### Information supplied
- - - - - - -

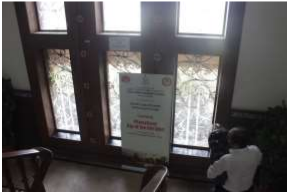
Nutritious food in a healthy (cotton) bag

- - - - - - -

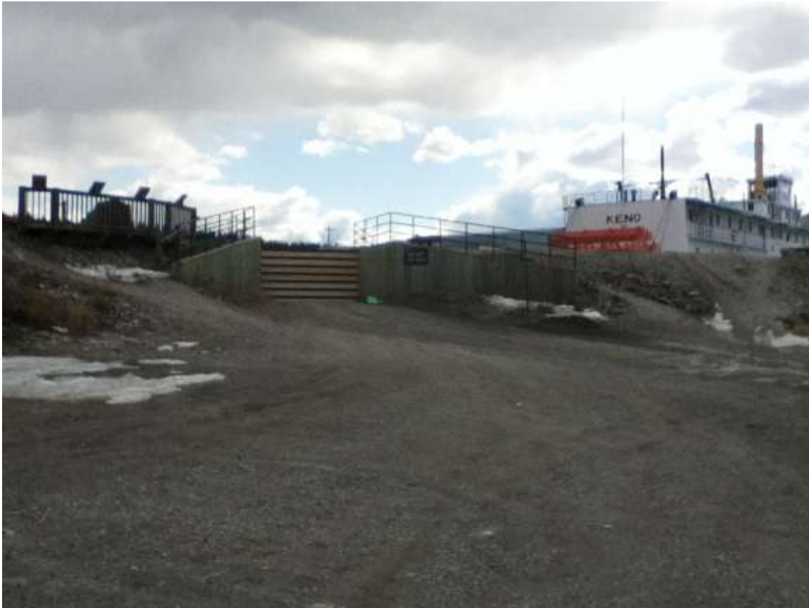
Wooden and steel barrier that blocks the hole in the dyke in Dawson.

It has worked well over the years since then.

- - - - - - -

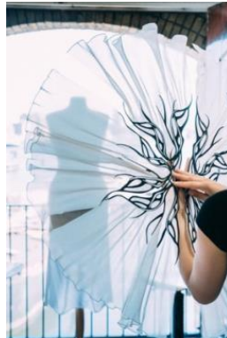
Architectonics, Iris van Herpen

- - - - - - -

### Task prompt
In the material above, locate the line containing "Wooden and steel" and the line containing "It has worked well over the years since then.". Transcribe exactly those two lines and every line between them, and nothing more.

### Response box
Wooden and steel barrier that blocks the hole in the dyke in Dawson.

It has worked well over the years since then.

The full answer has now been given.